My heart raced as I watched my best friend, Lizzie, cross the braid of traffic on her bike, following closely to the other riders in our group. Her mom would kill me if anything happened to her. I paused, considering the consequences. At least she’s wearing a helmet?
Hopping on a night bike tour with Grasshopper Adventures came highly recommended from our new friends we made from May Kaidee, a progressive vegetarian restaurant and cooking class near Khao San Road. As we stepped into the Grasshopper Adventures shop, Liz glared at me with wide eyes, reminding me that she hadn’t been on a bike in ten years. Adjusting her helmet was just the first of a few hurdles she would need to overcome to enjoy this evening’s activities.
This visit to Thailand was Lizzie’s first vacation in five years. We’d just left the rocky beaches of Koh Lanta and were ready to take on Bangkok by storm. I had been determined to get her out of her comfort zone, force her to let loose a little. She’d done well thus far, but biking through Bangkok traffic would definitely qualify as one of the more dangerous activities as of yet. I watched as Lizzie straddled her bike on the concrete sidewalk facing the car-packed Bangkok road, more nervous for her than for myself.
Amateur hour in full force, our ride down to the ferry to Wat Arun put us straight to the test. Lizzie and I giggled constantly, terrified by our ridiculously bad biking skills. As we dodged backpackers, children and dogs along the narrow city alleys, we were relieved by the first glimpse of the lit up, golden temple.
At this point in my trip, I had yet to visit the famous Temple of Dawn. I had planned to go twice, both times after visiting Wat Po and the Grand Palace. Both times, my crew and I had been too sweaty and cranky to get there. Lizzie and I wandered slowly through the empty temple grounds, stopping every few minutes to rest our sore bike bums and to admire each shining tile. As we strained our necks to get the perfect evening temple photos, we realized how lucky we were to get the VIP night visit to such a special place.
The next hour led us through Bangkok back alleys that revealed a tourist-free side of the city I had yet to see. Children raced up to run alongside our parade. Locals waved to the caravan from their doorsteps. Finally getting more comfortable with our bike-legs, we landed at the flower market. Before we could overwhelm our senses with fresh smells and bright colors, it was snack time. Impressed with the fact that were the only tourists in sight, I was charmed by the authenticity with the variety of street food snacks, all new to me. To my surprise, Lizzie attempted a taste of most of the offered treats.

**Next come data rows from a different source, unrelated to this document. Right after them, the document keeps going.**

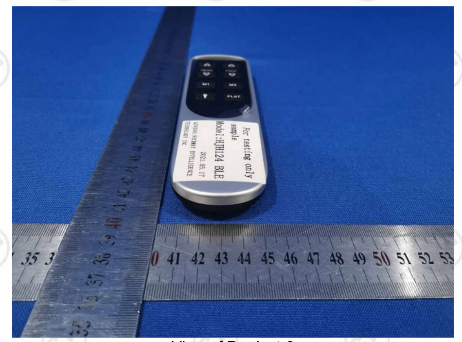
View of Product-6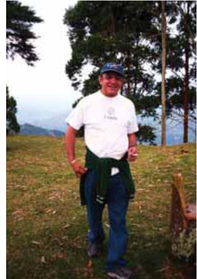
(December 16, 2006) Vice-President, Asociación Urantia de Medellin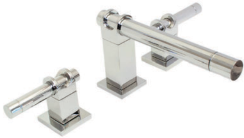
STRAP IN POLISHED CHROME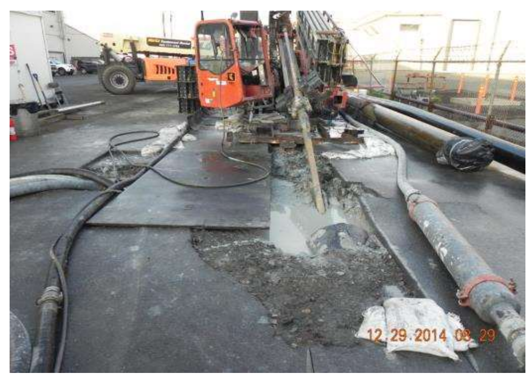
Figure 2 – HDD Company drilling at Bore 3 at HDD South. View west, December 29, 2014.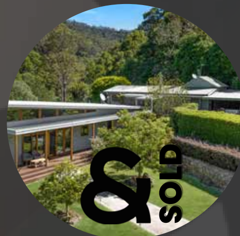
273 Bundewallah Rd

While they didn’t all please her, I realized then that my stomach had gotten quite used to the unique Thai street food and was proud enough that she took a few bites.
The market itself was packed with endless shades of pinks, yellows, and oranges, individual flowers and perfectly curated arrangements wrapped in newspaper. Famous for vending flowers used for religious purposes, the market is open all night long and is filled with mostly locals purchasing for the next day. I tested many a Thai market, but this one showed a fresh side, a welcome contrast to the masses of elephant pants and trinkets.
Alas, it was time for us to gather back on our bikes and head to our final evening sightseeing destination: Wat Po. Home of the reclining Buddha, which we were unfortunately unable to visit during this tour due to closing hours, this Wat is jeweled and glamorous and makes you want to run home to build a house made of gems. Equally as beautiful as Wat Arun all lit up, I was even more appreciative of the moderate temperature to ease the exploration. It was night and day (pun intended) to my previous two experiences at a place that, when packed with people in the heat of the afternoon, feels like a hike in the Sahara.
Bangkok is a city full of life, history and religion. It’s also a city that deserves to be explored slowly and deliberately. It’s not a place you can race through on foot, nor are you likely to stumble into anything spectacular without knowing where you’re going. The night bike sightseeing tour with Grasshopper Adventures allowed Lizzie and I to experience the Big Mango’s classic sights from a completely unique angle. While Lizzie might have feared for her life for a minute (or five), it was totally worth it.
Have you been to Bangkok? What’s your favorite way to go sightseeing in the Big Mango?